• [Problem to work on] Retype all the entries word for word, but omit the pictures.

Saved data entries:
'''

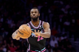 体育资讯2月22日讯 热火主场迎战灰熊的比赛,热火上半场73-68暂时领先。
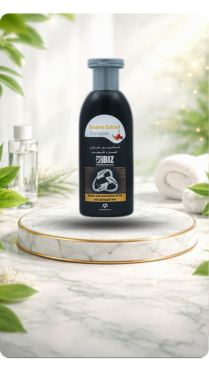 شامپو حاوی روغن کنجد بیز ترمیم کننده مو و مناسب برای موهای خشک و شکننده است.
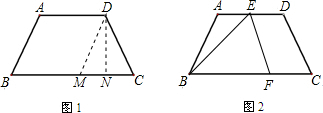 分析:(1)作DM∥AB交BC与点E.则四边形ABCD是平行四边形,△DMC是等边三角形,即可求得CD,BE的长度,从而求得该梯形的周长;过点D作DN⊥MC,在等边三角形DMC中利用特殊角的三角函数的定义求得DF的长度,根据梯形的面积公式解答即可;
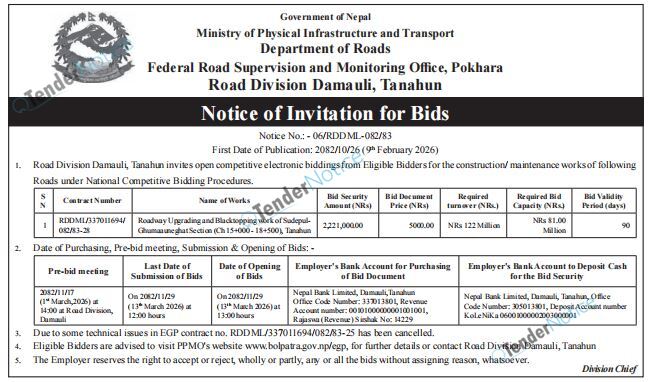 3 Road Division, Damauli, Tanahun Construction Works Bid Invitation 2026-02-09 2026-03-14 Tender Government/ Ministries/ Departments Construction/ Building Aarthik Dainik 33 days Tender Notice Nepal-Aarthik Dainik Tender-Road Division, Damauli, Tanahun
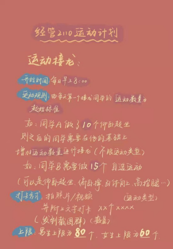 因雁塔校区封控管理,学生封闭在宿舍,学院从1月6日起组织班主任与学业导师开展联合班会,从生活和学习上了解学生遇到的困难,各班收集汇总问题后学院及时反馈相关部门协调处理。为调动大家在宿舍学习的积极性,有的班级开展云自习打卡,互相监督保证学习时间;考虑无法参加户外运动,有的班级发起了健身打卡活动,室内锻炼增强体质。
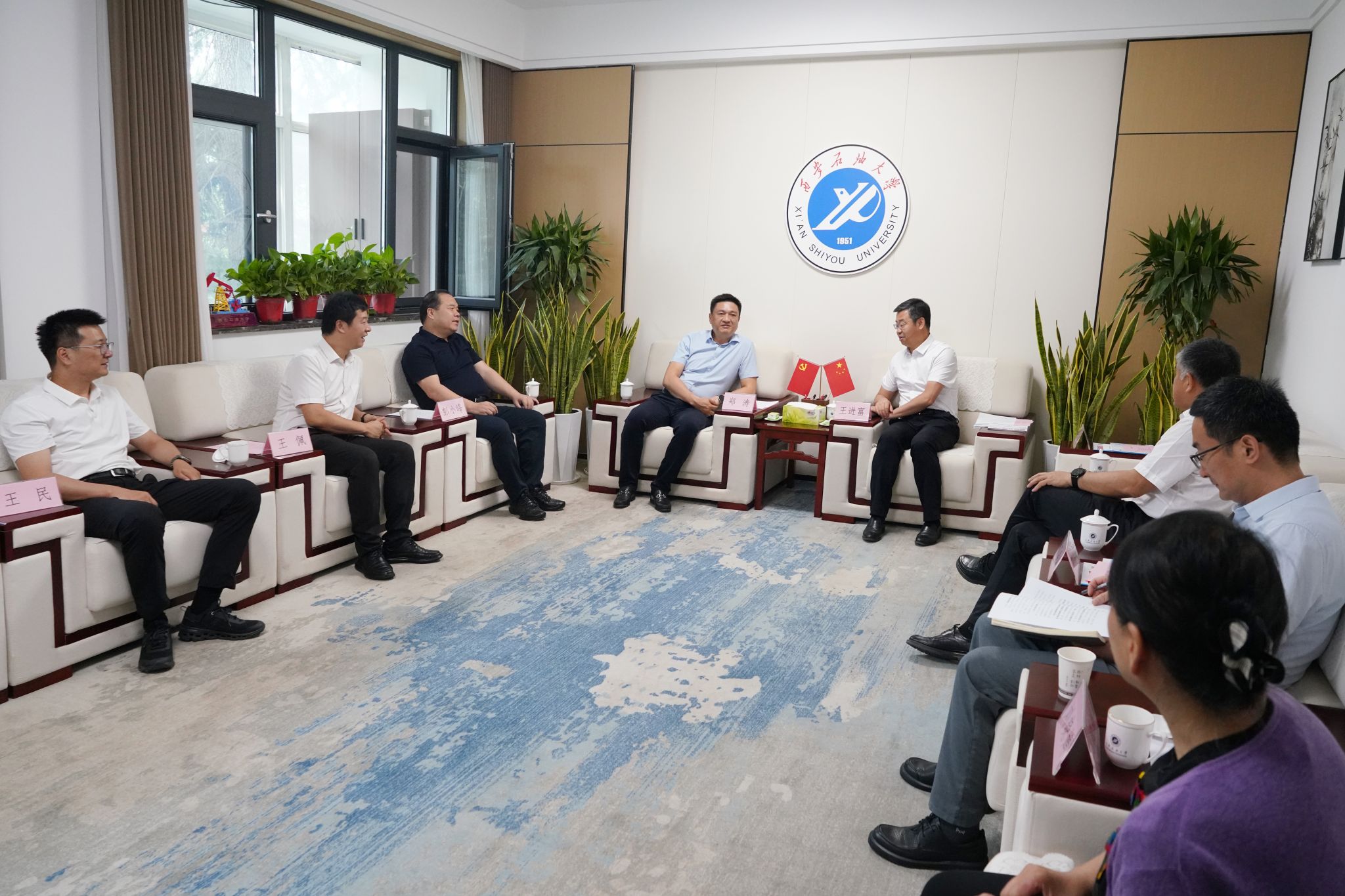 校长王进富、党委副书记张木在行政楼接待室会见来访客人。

'''

• [Solution below]
 体育资讯2月22日讯 热火主场迎战灰熊的比赛,热火上半场73-68暂时领先。
 شامپو حاوی روغن کنجد بیز ترمیم کننده مو و مناسب برای موهای خشک و شکننده است.
 分析:(1)作DM∥AB交BC与点E.则四边形ABCD是平行四边形,△DMC是等边三角形,即可求得CD,BE的长度,从而求得该梯形的周长;过点D作DN⊥MC,在等边三角形DMC中利用特殊角的三角函数的定义求得DF的长度,根据梯形的面积公式解答即可;
 3 Road Division, Damauli, Tanahun Construction Works Bid Invitation 2026-02-09 2026-03-14 Tender Government/ Ministries/ Departments Construction/ Building Aarthik Dainik 33 days Tender Notice Nepal-Aarthik Dainik Tender-Road Division, Damauli, Tanahun
 因雁塔校区封控管理,学生封闭在宿舍,学院从1月6日起组织班主任与学业导师开展联合班会,从生活和学习上了解学生遇到的困难,各班收集汇总问题后学院及时反馈相关部门协调处理。为调动大家在宿舍学习的积极性,有的班级开展云自习打卡,互相监督保证学习时间;考虑无法参加户外运动,有的班级发起了健身打卡活动,室内锻炼增强体质。
 校长王进富、党委副书记张木在行政楼接待室会见来访客人。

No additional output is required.